American University Washington College of Law


Ecology Law Quarterly, Forthcoming
Georgetown Public Law Research Paper No. 1001109

Abstract:     
Much of the risk perception literature relies on the important but unstated assumption that manipulating public opinion to conform to scientific assessments of risk could help the public and, in turn, policymakers make better decisions about whether and how to regulate. This paper argues that the assumption fails in the context of certain "multilayered" risks, or risks that pose tiered policy choices - not just whether to regulate in the first instance, but how to respond to derivative risks arising from the first set of regulatory changes. Examining the debate about the role of nuclear power in the United States' approach to climate change, the paper observes that first- and second-tier risks often differ in character, or require different types of regulatory solution (market-based versus command-and-control). Due to these variations, the public may hold starkly different views about regulation of each tier, and those views may be differently "sticky" - that is, differently susceptible to persuasion.

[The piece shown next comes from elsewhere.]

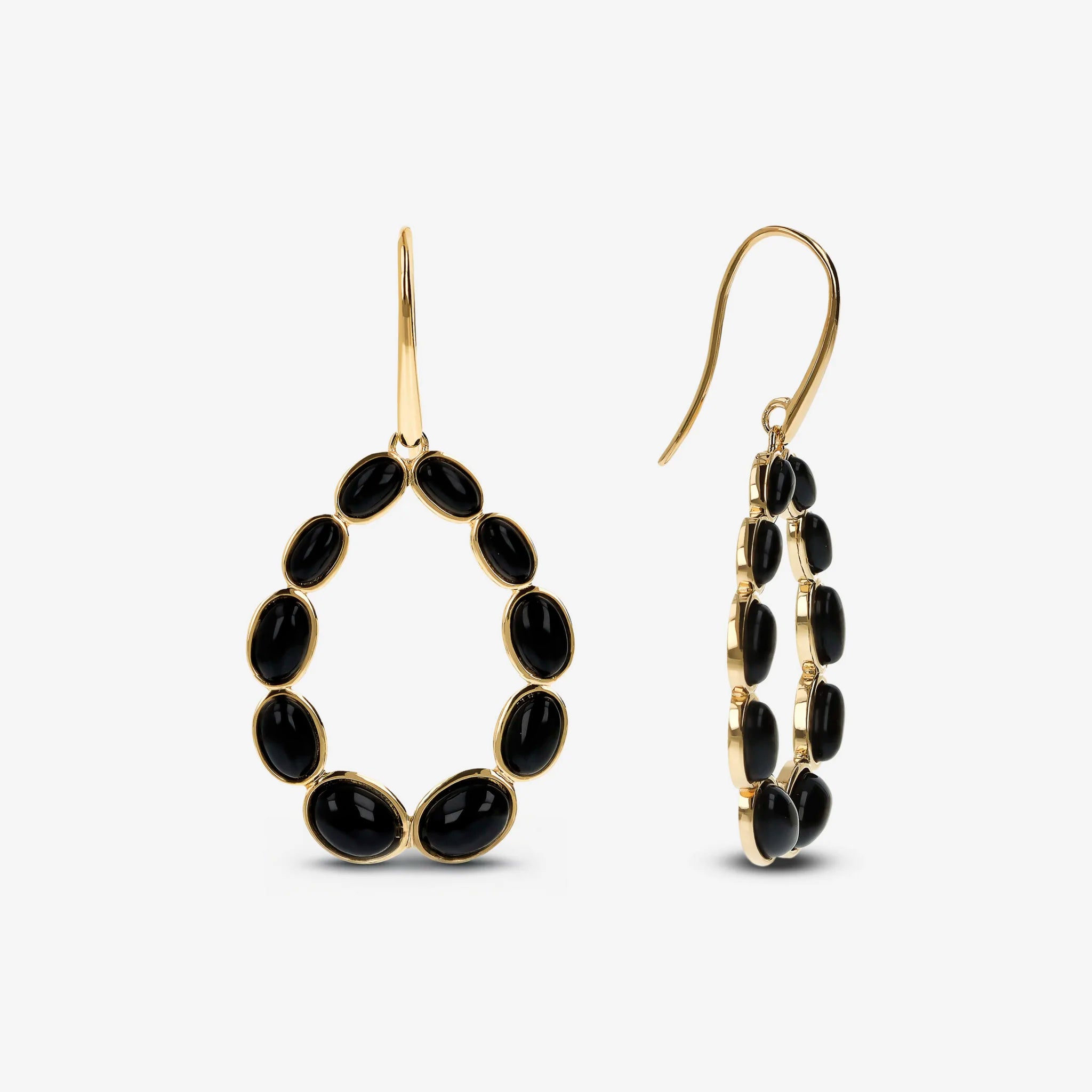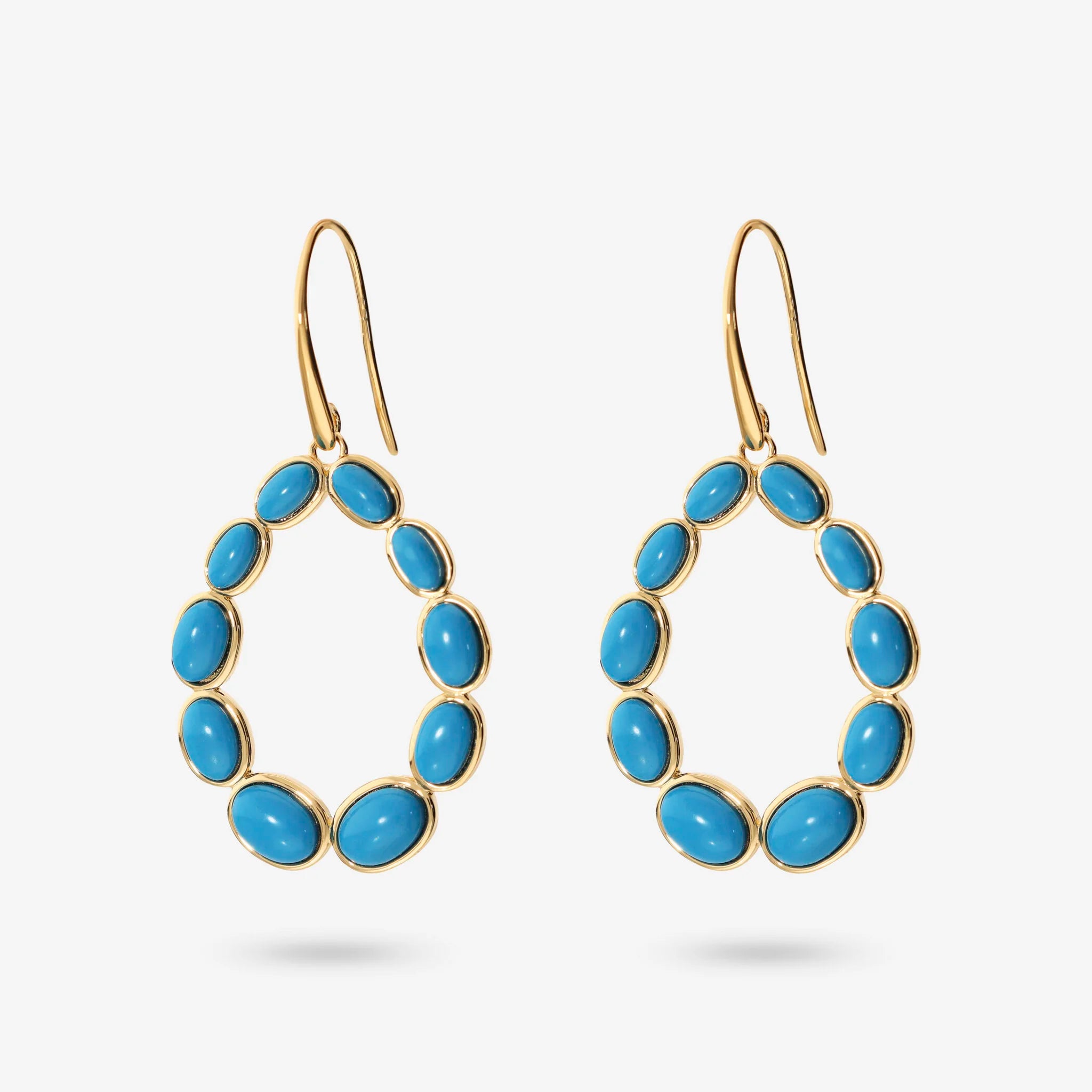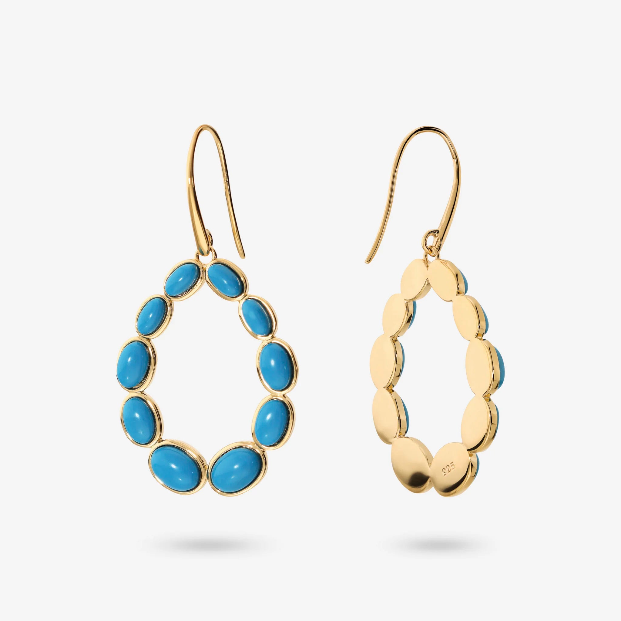 Orecchini pendenti in Argento 925 placcato Oro giallo 18kt con pietre naturali di onice nero o turchese, taglio a goccia. Lunghezza 4.5 cm. Chiusura ad amo.

In the context of the nuclear power debate, this tiering of opinion has perverse implications. The first-tier risks of nuclear power are those associated with individual reactors, including the risks of accident or terrorist attack; the second-tier risks are those associated with mining, transport, processing, storage, and disposal of radioactive materials. Recent work asserts that despite entrenched public fear of nuclear power, it may be possible to induce people to support construction of low-emissions reactors as a strategy for mitigating climate change. But even if policymakers could employ the risk education strategies discussed in the literature to shift public opinion in favor of economic incentives for nuclear reactor development, there is no reason to think such strategies would be equally effective at changing attitudes toward second-tier risks and the command-and-control regulations necessary to address them. To the contrary, many people would likely continue to oppose certain types of government action on these latter problems, even assuming the complete success of the hypothesized first-tier education strategy. As a result, the United States could find itself with a thriving nuclear power sector, but without the political will to address the grave collateral risks.

These observations lead to two conclusions, one related to the nuclear power example, and one to risk regulation more broadly. First, differently sticky public attitudes toward first- and second-tier nuclear risks and their regulatory solutions may defeat any effort to respond to climate change by significantly and safely increasing U.S. reliance on nuclear power. Second, efforts to change public risk perceptions may not advance a regulatory agenda, and may even prove counterproductive. Specifically, where multiple risk layers exist, a successful first-tier education effort and consequent policy changes could create or expose second-tier risks that defy regulatory solution, leaving policymakers stranded at the abrupt and unexpected end of a half-built bridge. Depending on the gravity of the second-tier risks, this regulatory dead end could be one that neither policymakers nor the public would have chosen ex ante.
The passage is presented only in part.